Date: Sat, 14 Oct 2017 07:40:16 -0400 [thread overview]
Message-ID: <1507981216.4831.14.camel@redhat.com> (raw)
In-Reply-To: <1415045998.1551016.1507936292485@mail.yahoo.com>
(re-cc'ing ceph-devel list)
Not right offhand, but I do have some comments about this code for the
maintainers. See below:
On Fri, 2017-10-13 at 23:11 +0000, Anish Gupta wrote:
> Hello Jeff,
>
>
> I did not see the issue with 4.4.14-rc4.
>
>
> Would you or Zheng know which set of changes from 4.4 onwards might have helped fix this?
> PS: I worked with Zheng on chage-id: 62a65f36d016fff32179acdbfcb8b2d8d9e54757
>
> thanks,
> Anish
>
>
> On Monday, October 9, 2017, 9:12:54 AM PDT, Jeff Layton <jlayton@redhat.com> wrote:
>
>
> On Mon, 2017-10-09 at 16:09 +0000, Anish Gupta wrote:
>
> >
> >
> > Hello Ceph gurus,
> >
> > I was running a script in a loop that was doing the following:
> >
> > > Loop:
> > > mount 2 different ceph "clients" using their own shares and secret keys and FSCache
> > > write data into a sub-directory of client1
> > > let i=0; while (($i<10)); do sudo dd if=/dev/urandom of=data_file_$i bs=10M count=1; let i=$i+1; done
> > > write data into client 2 using same as previous step.
> > > read data from client 1
> > > cp -r /client1/data/ /tmp/scratch1_dir
> > > read data from client 2
> > > cp -r /client2/data/ /tmp/scratch2_dir
> > > unmount the 2 clients
> > >
> > >
> > >
> >
> > Linux Kernel: 4.4.0-81-generic
> > $ ceph --version
> > ceph version 10.2.7 (50e863e0f4bc8f4b9e31156de690d765af245185)
> >
> > Only one script of above loop was running and after 4th iteration ran into this bug:
> >
> > Back trace looks like this:
> > [2183922.263463] ------------[ cut here ]------------
> > [2183922.264771] kernel BUG at /root/ubuntu-xenial/fs/ceph/mds_client.c:1258!

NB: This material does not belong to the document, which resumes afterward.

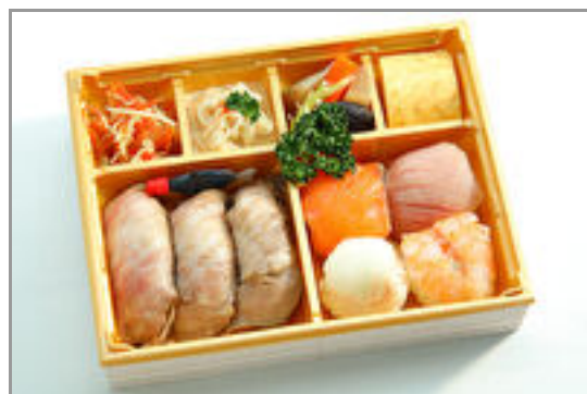
【熨斗対応可】こい希特製彩り御膳～希少部位の肉寿司と手まり寿司～ 2,000円(税込2,160円)／品番:SFMW070 お茶付き

> > [2183922.264771] invalid opcode: 0000 [#1] SMP
> > [2183922.264771] Modules linked in: nfs lockd grace xt_nat ceph(OE) libceph libcrc32c veth ip6t_REJECT nf_reject_ipv6 nf_log_ipv6 xt_recent ipt_MASQUERADE nf_nat_masquerade_ipv4 xfrm_user xfrm_algo iptable_nat nf_nat_ipv4 br_netfilter bridge stp llc overlay binfmt_misc cachefiles(OE) fscache(OE) xt_multiport xenfs xen_privcmd ppdev nls_utf8 isofs intel_rapl crct10dif_pclmul crc32_pclmul ghash_clmulni_intel nvidia_uvm(POE) aesni_intel aes_x86_64 lrw gf128mul glue_helper ablk_helper cryptd input_leds joydev serio_raw i2c_piix4 8250_fintek parport_pc parport mac_hid xt_hl ip6t_rt nf_conntrack_ipv6 nf_defrag_ipv6 ipt_REJECT nf_reject_ipv4 nf_log_ipv4 nf_log_common xt_LOG xt_limit xt_tcpudp xt_addrtype nf_conntrack_ipv4 nf_defrag_ipv4 xt_conntrack ip6table_filter ip6_tables nf_conntrack_net
bios_ns nf_conntrack_broadcast
> > [2183922.264771] nf_nat_ftp nf_nat nf_conntrack_ftp nf_conntrack iptable_filter ip_tables x_tables sunrpc autofs4 hid_generic usbhid hid nvidia_drm(POE) nvidia_modeset(POE) nvidia(POE) drm_kms_helper syscopyarea sysfillrect sysimgblt psmouse fb_sys_fops drm pata_acpi floppy fjes
> > [2183922.264771] CPU: 0 PID: 19728 Comm: umount Tainted: P OE 4.4.0-81-generic #104-Ubuntu
> > [2183922.264771] Hardware name: Xen HVM domU, BIOS 4.6.1-xs137595 03/23/2017
> > [2183922.264771] task: ffff880d3aa12a00 ti: ffff880f321a0000 task.ti: ffff880f321a0000
> > [2183922.264771] RIP: 0010:[<ffffffffc12218ac>] [<ffffffffc12218ac>] remove_session_caps+0x13c/0x150 [ceph]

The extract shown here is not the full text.